Below is an example to show how to set up a prompt target for the Arch Router:
- **Step 1: Define the routing model in the `routing` section**. You can use the `archgw-v1-router-model` as the katanemo routing model or any other routing model you prefer.
- **Step 2: Define the listeners in the `listeners` section**. This is where you specify the address and port for incoming traffic, as well as the message format (e.g., OpenAI).
- **Step 3: Define the LLM providers in the `llm_providers` section**. This is where you specify the routing model, and any other models you want to use for specific tasks and their route usage descriptions (e.g., code generation, code understanding).
.. Note::
Make sure you define a model for default usage, such as `gpt-4o`, which will be used when no specific route is matched for an user prompt.
.. code-block:: yaml
:caption: Route Config Example
routing:
model: archgw-v1-router-model
listeners:
egress_traffic:
address: 0.0.0.0
port: 12000
message_format: openai
timeout: 30s
llm_providers:
- name: archgw-v1-router-model
provider_interface: openai
model: katanemo/Arch-Router-1.5B
base_url: ...
- name: gpt-4o-mini
provider_interface: openai
access_key: $OPENAI_API_KEY
model: gpt-4o-mini
default: true
- name: code_generation
provider_interface: openai
access_key: $OPENAI_API_KEY
model: gpt-4o
usage: Generating new code snippets, functions, or boilerplate based on user prompts or requirements
- name: code_understanding
provider_interface: openai
access_key: $OPENAI_API_KEY
model: gpt-4.1
usage: understand and explain existing code snippets, functions, or libraries
Example Use Cases
-------------------------
Here are common scenarios where Arch-Router excels:
- **Coding Tasks**: Distinguish between code generation requests ("write a Python function"), debugging needs ("fix this error"), and code optimization ("make this faster"), routing each to appropriately specialized models.
- **Content Processing Workflows**: Classify requests as summarization ("summarize this document"), translation ("translate to Spanish"), or analysis ("what are the key themes"), enabling targeted model selection.
- **Multi-Domain Applications**: Accurately identify whether requests fall into legal, healthcare, technical, or general domains, even when the subject matter isn't explicitly stated in the prompt.
- **Conversational Routing**: Track conversation context to identify when topics shift between domains or when the type of assistance needed changes mid-conversation.
Best practice
-------------------------
- **💡Consistent Naming:** Route names should align with their descriptions.
- ❌ Bad:
```
{"name": "math", "description": "handle solving quadratic equations"}
```
- ✅ Good:
```
{"name": "quadratic_equation", "description": "solving quadratic equations"}
```
- **💡 Clear Usage Description:** Make your route names and descriptions specific, unambiguous, and minimizing overlap between routes.
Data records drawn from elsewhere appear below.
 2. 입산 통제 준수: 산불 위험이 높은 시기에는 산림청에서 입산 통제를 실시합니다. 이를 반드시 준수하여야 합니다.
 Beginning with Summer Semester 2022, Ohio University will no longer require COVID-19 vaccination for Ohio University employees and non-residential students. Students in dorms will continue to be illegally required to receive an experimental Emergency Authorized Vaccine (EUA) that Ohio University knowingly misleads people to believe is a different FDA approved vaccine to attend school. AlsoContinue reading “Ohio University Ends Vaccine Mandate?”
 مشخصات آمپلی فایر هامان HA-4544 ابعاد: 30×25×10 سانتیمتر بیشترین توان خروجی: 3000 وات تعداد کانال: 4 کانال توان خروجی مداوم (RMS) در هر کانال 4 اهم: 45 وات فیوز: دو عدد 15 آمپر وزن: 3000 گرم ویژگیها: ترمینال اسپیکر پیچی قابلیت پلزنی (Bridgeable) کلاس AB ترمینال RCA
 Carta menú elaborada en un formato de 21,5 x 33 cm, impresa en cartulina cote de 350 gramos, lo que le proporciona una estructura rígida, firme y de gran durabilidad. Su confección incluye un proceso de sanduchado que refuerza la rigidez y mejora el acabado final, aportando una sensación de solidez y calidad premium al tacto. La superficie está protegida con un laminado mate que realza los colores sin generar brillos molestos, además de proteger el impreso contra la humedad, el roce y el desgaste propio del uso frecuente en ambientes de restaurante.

The Router performs better when it can clearly distinguish between different types of requests.
- ❌ Bad:
```
{"name": "math", "description": "anything closely related to mathematics"}
```
- ✅ Good:
```
{"name": "math", "description": "solving, explaining math problems, concepts"}
```
- **💡Nouns Descriptor:** Preference-based routers perform better with noun-centric descriptors, as they offer more stable and semantically rich signals for matching.
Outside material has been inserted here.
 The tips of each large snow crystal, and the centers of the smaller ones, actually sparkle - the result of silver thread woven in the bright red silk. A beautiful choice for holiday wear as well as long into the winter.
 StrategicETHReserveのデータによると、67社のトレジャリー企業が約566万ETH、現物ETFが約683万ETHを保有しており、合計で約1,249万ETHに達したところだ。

- **💡Domain Inclusion:** for best user experience, you should always include domain route. This help the router fall back to domain when action is not
.. Unsupported Features
.. -------------------------
.. The following features are **not supported** by the Arch-Router model:
.. - **❌ Multi-Modality:**
.. The model is not trained to process raw image or audio inputs. While it can handle textual queries *about* these modalities (e.g., "generate an image of a cat"), it cannot interpret encoded multimedia data directly.
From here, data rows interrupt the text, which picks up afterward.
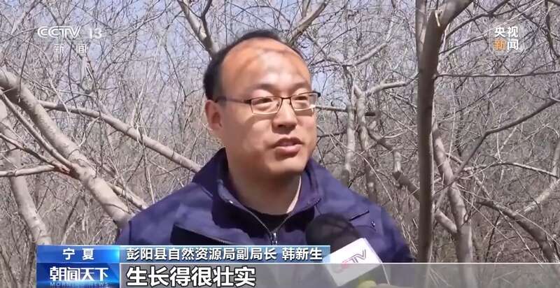 宁夏彭阳县自然资源局副局长 韩新生:你看这片林子,到现在已经有十年了,生长得很壮实。我们初步测算,水的利用效率从过去的不到50%提高到现在的80%左右。
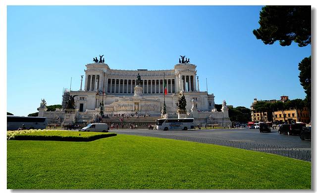 维克多伊曼纽二世于1871年统一意大利,为了纪念此事,1911年建了纪念堂。这是一座巨大的白色建筑,从很远的地方也能看到,是现代罗马的象征。正面骑马的雕像就是维克多伊曼纽二世,其下面有无名战士之墓,进去后,可以爬到建筑的上面,再乘坐电梯到建筑最高处。维克多伊曼纽是意大利的国父,意大利现有版图就是他统一的,之后到各个城市都能见到他的雕像。据说各国元首访问意大利,敬献鲜花都在这里。。。。
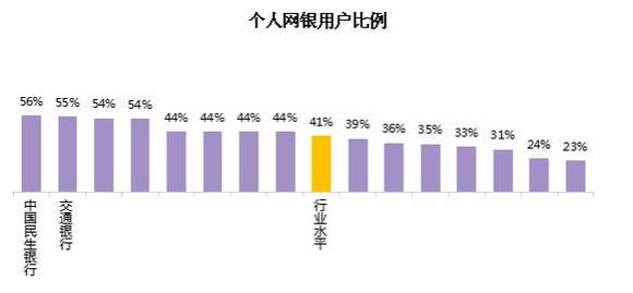 个人网上银行用户比例平均为41%,各行中最高为56%,最低为23%,有8家银行的个人网银用户比例较高,好于行业水平。
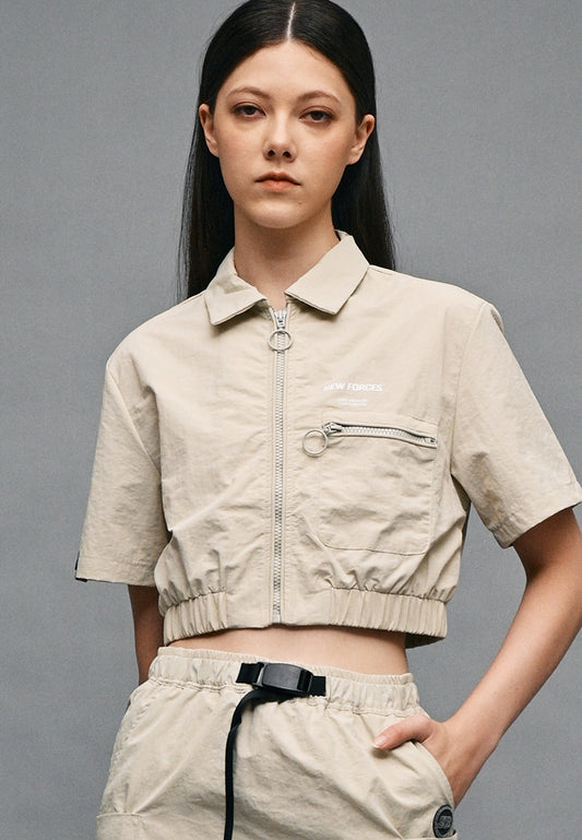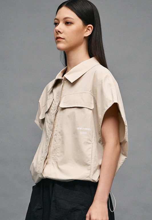 Women Short-Sleeve Blouse - Light Khaki - 410307
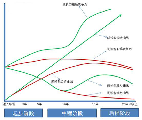 如果在此之前你不能保持自己的职场竞争力曲线向良性的方向发展,职场的后半场将会变得越来越艰难,尤其遇到大的环境变革等,抗风险能力很弱,很容易被职场抛弃!
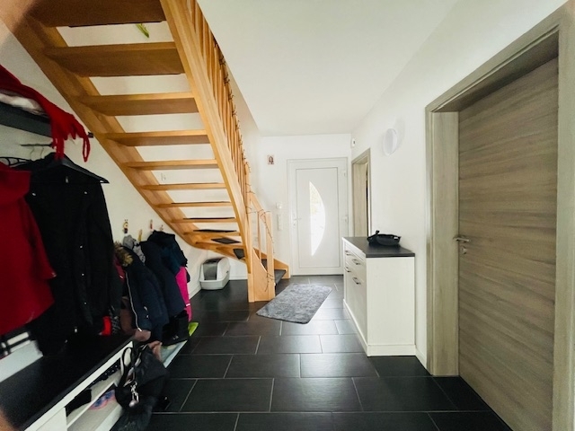 Das massiv errichtete Wohnhaus besticht durch seine zeitgemäße Ausstattung und ein modernes Wohnkonzept. Bereits im Eingangsbereich vermittelt der geflieste Flur ein gepflegtes und einladendes Ambiente. Für angenehme Wärme im gesamten Haus sorgt eine komfortable Fußbodenheizung, die gleichzeitig ein behagliches Wohngefühl schafft.

.. - **❌ Function Calling:**
.. This model is designed for **semantic preference matching**, not exact intent classification or tool execution. For structured function invocation, use models in the **Arch-Function-Calling** collection.
.. - **❌ System Prompt Dependency:**
.. Arch-Router routes based solely on the users conversation history. It does not use or rely on system prompts for routing decisions.